Saturday, March 28th, 2009...1:28 pm
Discussion Group: Bergson’s Introduction to Metaphysics (April 3rd)
Please join us on campus for our next discussion group meeting Friday, April 3rd at 2:30pm in room E&T A420. We’ll be discussing an excerpted version of Henri Bergson’s An Introduction to Metaphysics. I’m confident that the piece will strike a chord with many of you (regulars), and look forward to another lively discussion. For those of you who are particularly ambitious, you can find the text in its entirety (it’s relatively short) here: books.google.com.
The excerpted version I have chosen as a reading includes five portions of the original text. In the pdf, I have marked them with letters A-E. Here are some “questions to ponder” from each of these sections:
A. In his introductory remarks, Bergson speaks of “two profoundly different ways of knowing a thing.” He says that one way leads us to knowledge of the relative while the other allows us to attain the absolute. He calls these two ways of knowing a thing, respectively, analysis and intuition. …What’s the difference? What’s this have to do with metaphysics?
B. Bergson wants to claim that knowledge based in analysis creates false problems for the metaphysician. This is the “danger” in abstract ideas. …Why are they dangerous, and should we be afraid of them?
C. A large chunk of Bergon’s argument rests on his assertion that we tend to think in terms of what is useful to us, and that metaphysicians, in order to practice their “science” correctly, need to cast off this habit. Analysis is useful to our daily lives; intuition is not (at least not directly so). …How do these patterns of habitual thought affect the problems we, as philosophers, tackle?
D. “The use of the word intuition causes me some degree of hesitation” (from Bergson, The Creative Mind). Bergson uses the term a bit differently than it is commonly used. His term depends upon the presupposition of what he calls duration.

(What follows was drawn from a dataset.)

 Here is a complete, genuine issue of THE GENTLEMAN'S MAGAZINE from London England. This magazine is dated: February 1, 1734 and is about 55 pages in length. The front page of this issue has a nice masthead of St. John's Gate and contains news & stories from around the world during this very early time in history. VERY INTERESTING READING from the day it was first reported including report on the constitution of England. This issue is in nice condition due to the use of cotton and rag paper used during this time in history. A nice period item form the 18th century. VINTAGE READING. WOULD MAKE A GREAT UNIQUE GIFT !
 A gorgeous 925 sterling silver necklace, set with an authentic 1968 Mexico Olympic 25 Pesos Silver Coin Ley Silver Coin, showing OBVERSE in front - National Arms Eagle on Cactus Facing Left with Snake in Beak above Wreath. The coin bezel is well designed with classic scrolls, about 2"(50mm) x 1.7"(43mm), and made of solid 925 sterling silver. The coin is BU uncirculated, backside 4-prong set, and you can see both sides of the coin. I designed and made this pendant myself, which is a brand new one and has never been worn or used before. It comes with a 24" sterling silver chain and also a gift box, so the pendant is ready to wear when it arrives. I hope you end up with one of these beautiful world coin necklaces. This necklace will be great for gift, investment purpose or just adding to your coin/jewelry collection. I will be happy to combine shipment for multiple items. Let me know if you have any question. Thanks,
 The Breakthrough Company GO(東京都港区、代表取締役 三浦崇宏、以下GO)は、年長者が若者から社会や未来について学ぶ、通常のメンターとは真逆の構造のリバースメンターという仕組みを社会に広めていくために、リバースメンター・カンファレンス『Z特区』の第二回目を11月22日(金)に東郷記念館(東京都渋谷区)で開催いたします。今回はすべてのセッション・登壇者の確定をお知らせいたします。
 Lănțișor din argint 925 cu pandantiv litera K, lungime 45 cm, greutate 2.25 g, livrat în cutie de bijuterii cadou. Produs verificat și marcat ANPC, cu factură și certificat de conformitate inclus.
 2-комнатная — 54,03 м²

For him, “intuition” is a precise philosophical method – the necessary method which metaphysics must employ to become a productive science. …This idea of “duration” is key and deserves your most profound ponderings. What does Bergson mean by duration? What does it have to do with movement? What is the difference between movement in space and movement in duration (time)? Why does Bergson say to the metaphysician, “It is movement that we must accustom ourselves to look upon as simplest and clearest…” (373)? Is mobility really more “real” than immobility? Why or why not?
E. Bergson claims that “To philosophize is to invert the habitual direction of the work of thought” (375). In so saying, he’s arguing against analysis as philosophical method in favor of his specialized brand of intuition. …Does he have a point? Were we to invert our way of thinking (as metaphysicians), what would that “look like?”
As touched upon above, Bergson likens intuition to a philosophical method. This methodology is rather lucidly discussed by Gilles Deleuze in the first chapter of his book Bergsonism. If we have time to get to it, I’d like to discuss this methodology at the meeting. I’ll look forward to seeing you all there!